Ted held the bat in his right hand.

“There are two truths about you and your mom I want to show you. One is the truth that she and you both have souls and you are going to be Gods someday in the Mormon Celestial Kindom. Now squeeze the bat with your hand and try to feel that truth completely and growl like it was absolutely true.”

Ted squeezed the handle and growled.

“Did you feel anything strong?”

“No.”

“Try again.”

Ted tried again. He squeezed harder and growled more.

“Yeah, I can feel something!”

Great now I have ANOTHER truth that is absolutely true. Hold this other baseball bat in your LEFT hand and put the other down. Now. I want you to embrace the idea that your mother is right and there is no soul of you or her and that it is the ABSOLUTE TRUTH. It will feel sad, so growl a little as you squeeze the handle as hard as you can. But admit that you were totally wrong before and embrace that as the truth even though it may feel really sad.

“Those two things can’t both be true!” said Ted.

“No they can’t. Not if the universe is sane.”

Ted dropped the baseball bat. “This is stupid.”

“Yes, it is. Absolutely,” said Phil. “But for now, I want you to embrace this stupid okay?”

Ted’s face softened.

Ted growled as he held the other bat in his left hand and fully accepted that life was empty of soul and pointless.

They went back and forth from right to left a few times with Ted squeezing the truth of soul and the truth of no soul with the baseball bat as the object of each immutable idea.

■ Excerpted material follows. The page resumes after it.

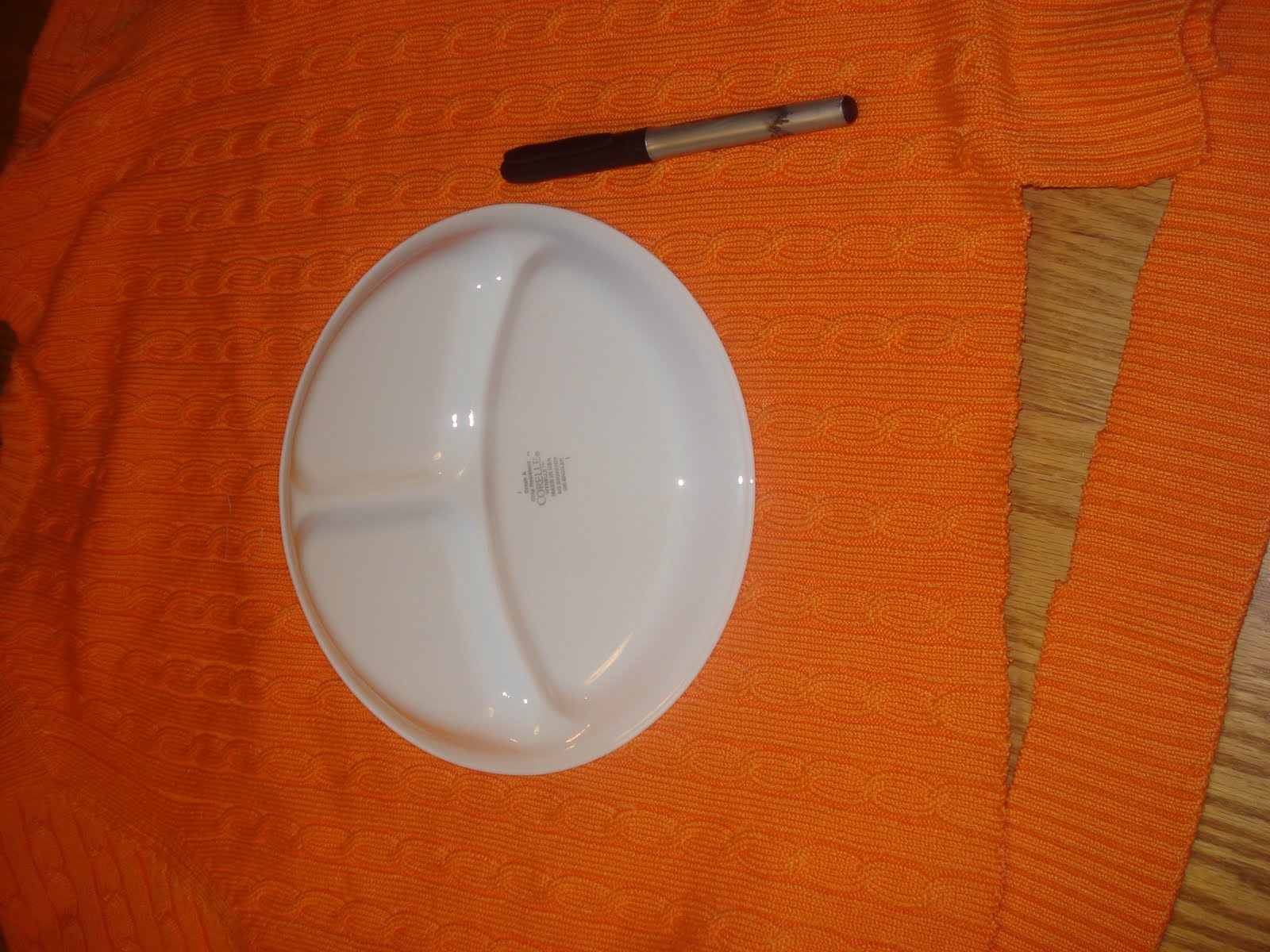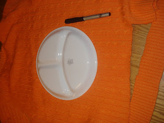 Next, trace a plate to get a perfect circle. Use a dessert plate for small kids and a regular plate for bigger kids or adults.

“Okay Ted, now take BOTH bats and extend your arms in front of you. Touch the bats like this.”

Phil held both bats in front of him arms extended with the bats making an “X” shape touching each other and gave the final instruction.

“Imagine these two truths are like magnets opposing each other and that you have to force them together. They both destroy the other, but you force them into being in unity even though their unity will create insanity. And then, be the true you anyway.”

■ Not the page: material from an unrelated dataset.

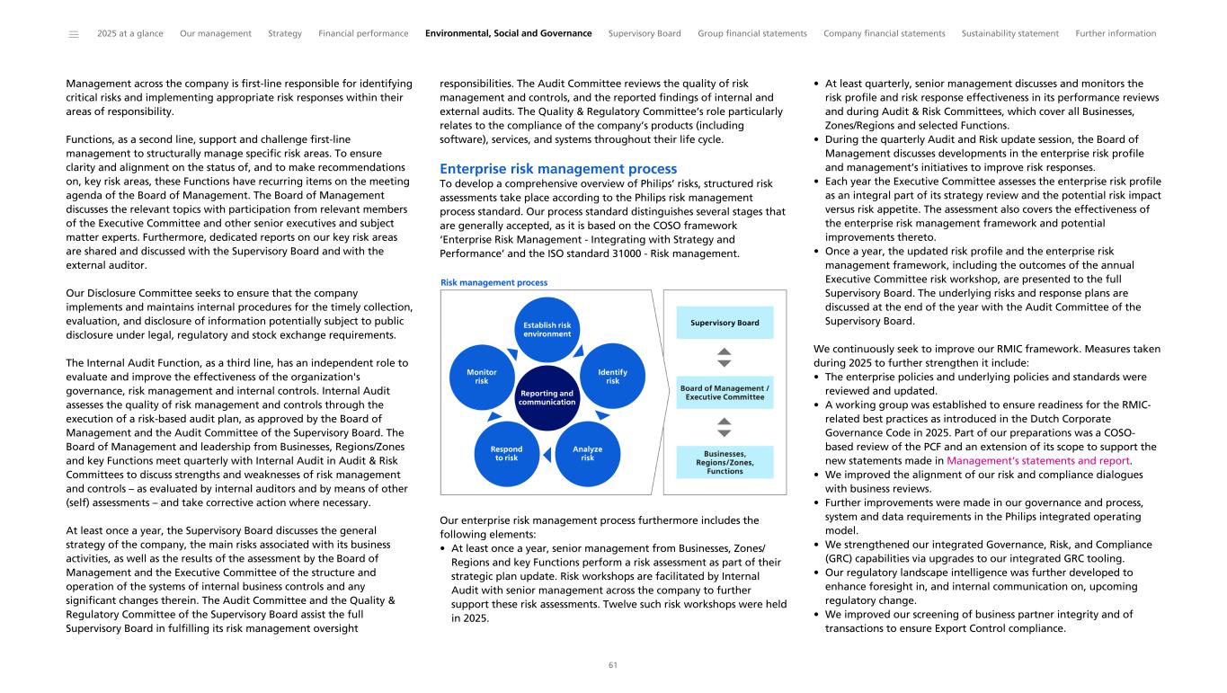 Management across the company is first-line responsible for identifying critical risks and implementing appropriate risk responses within their areas of responsibility. Functions, as a second line, support and challenge first-line management to structurally manage specific risk areas. To ensure clarity and alignment on the status of, and to make recommendations on, key risk areas, these Functions have recurring items on the meeting agenda of the Board of Management. The Board of Management discusses the relevant topics with participation from relevant members of the Executive Committee and other senior executives and subject matter experts. Furthermore, dedicated reports on our key risk areas are shared and discussed with the Supervisory Board and with the external auditor. Our Disclosure Committee seeks to ensure that the company implements and maintains internal procedures for the timely collection, evaluation, and disclosure of information potentially subject to public disclosure under legal, regulatory and stock exchange requirements. The Internal Audit Function, as a third line, has an independent role to evaluate and improve the effectiveness of the organization's governance, risk management and internal controls. Internal Audit assesses the quality of risk management and controls through the execution of a risk-based audit plan, as approved by the Board of Management and the Audit Committee of the Supervisory Board. The Board of Management and leadership from Businesses, Regions/Zones and key Functions meet quarterly with Internal Audit in Audit & Risk Committees to discuss strengths and weaknesses of risk management and controls – as evaluated by internal auditors and by means of other (self) assessments – and take corrective action where necessary. At least once a year, the Supervisory Board discusses the general strategy of the company, the main risks associated with its business activities, as well as the results of the assessment by the Board of Management and the Executive Committee of the structure and operation of the systems of internal business controls and any significant changes therein. The Audit Committee and the Quality & Regulatory Committee of the Supervisory Board assist the full Supervisory Board in fulfilling its risk management oversight responsibilities. The Audit Committee reviews the quality of risk management and controls, and the reported findings of internal and external audits. The Quality & Regulatory Committee’s role particularly relates to the compliance of the company’s products (including software), services, and systems throughout their life cycle. Enterprise risk management process To develop a comprehensive overview of Philips’ risks, structured risk assessments take place according to the Philips risk management process standard. Our process standard distinguishes several stages that are generally accepted, as it is based on the COSO framework ‘Enterprise Risk Management - Integrating with Strategy and Performance’ and the ISO standard 31000 - Risk management. Our enterprise risk management process furthermore includes the following elements: • At least once a year, senior management from Businesses, Zones/ Regions and key Functions perform a risk assessment as part of their strategic plan update. Risk workshops are facilitated by Internal Audit with senior management across the company to further support these risk assessments. Twelve such risk workshops were held in 2025. • At least quarterly, senior management discusses and monitors the risk profile and risk response effectiveness in its performance reviews and during Audit & Risk Committees, which cover all Businesses, Zones/Regions and selected Functions. • During the quarterly Audit and Risk update session, the Board of Management discusses developments in the enterprise risk profile and management’s initiatives to improve risk responses. • Each year the Executive Committee assesses the enterprise risk profile as an integral part of its strategy review and the potential risk impact versus risk appetite. The assessment also covers the effectiveness of the enterprise risk management framework and potential improvements thereto. • Once a year, the updated risk profile and the enterprise risk management framework, including the outcomes of the annual Executive Committee risk workshop, are presented to the full Supervisory Board. The underlying risks and response plans are discussed at the end of the year with the Audit Committee of the Supervisory Board. We continuously seek to improve our RMIC framework. Measures taken during 2025 to further strengthen it include: • The enterprise policies and underlying policies and standards were reviewed and updated. • A working group was established to ensure readiness for the RMIC- related best practices as introduced in the Dutch Corporate Governance Code in 2025. Part of our preparations was a COSO- based review of the PCF and an extension of its scope to support the new statements made in Management’s statements and report. • We improved the alignment of our risk and compliance dialogues with business reviews. • Further improvements were made in our governance and process, system and data requirements in the Philips integrated operating model. • We strengthened our integrated Governance, Risk, and Compliance (GRC) capabilities via upgrades to our integrated GRC tooling. • Our regulatory landscape intelligence was further developed to enhance foresight in, and internal communication on, upcoming regulatory change. • We improved our screening of business partner integrity and of transactions to ensure Export Control compliance. ______ 2025 at a glance Our management Strategy Financial performance Environmental, Social and Governance Supervisory Board Group financial statements Company financial statements Sustainability statement Further information 61

Phil gave the bats to Ted.

“And growl,” he said, “You gotta growl. You won’t be able to hold this for long Ted. These two bats will fatique you quickly with your arms extended. You can’t hold them forever, but you can FEEL them and the truth about insanity that comes from forcing them together.”

“I’m going to time you,” said Phil. “Hold the opposing bats until I say stop. When you get tired growl even more. If you feel helplessly sad growl ESPECIALLY more. Growl until you roar.”

Phil looked at his watch.

“Go!”

Ted extended his hands touched the bats and his face showed the strain.

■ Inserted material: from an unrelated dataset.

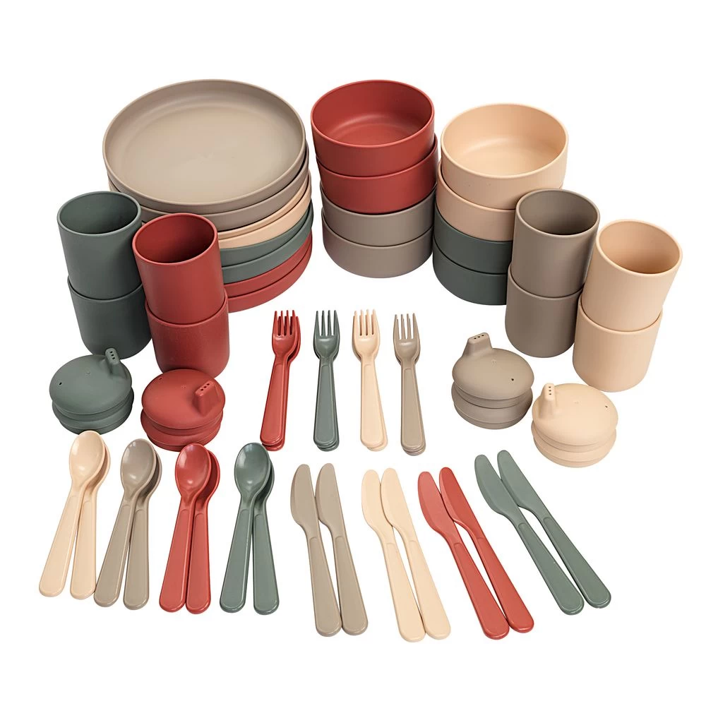 The dinner set has a long lifespan, as it can be used from the child’s first meal and adapted from there, as the child’s skills and motor skills develop. This can be done by removing the lid on the sippy cup and introducing the knife.

Phil started pointing to each bat one at a time while Ted strained to hold the X and shouted their polarity.

“No soul!

Soul!

No soul!

Soul!

No Soul!

Soul!

FORCE THEM TOGETHER TED AND STAY FIERCE!”

Ted started to growl.

“Thirty seconds to go Ted.”

Ted growled more. Holding the bats was becomming unbearable.

“Twenty seconds Ted.”

“RRRRRRAAAHHHHHHHH!”

“Ten seconds left.”

Across the park a couple was strolling wistfully when they heard the sound of a roar shaking the trees.

“Wow!” said the woman. “That sounds like the roar of a God.”

“Huh,” said the man, “It sounded to me like the roar of soulless nothing.”

“We both can’t be right!” they said together and laughed.

“Jinx!” she said pointed at her beau.

Two baseball bats hit the dirt and Ted looked up fiercely at Phil.

“Be and be not,” he said.

“Be and be not,” said Phil.

Ted looked up at a late afternoon moon.

“She’s gone forever and lives forever.”

Ted left and Phil walked to a tree and started tapping morse code onto his wrist watch. He went home and the doorbell rang.

“Sir, I don’t know why, but I feel it would serve the good of the Universe to give you a large vegan pizza.”

Phil thanked him and gave him a tip worth more than the price of the pizza if it wasn’t free.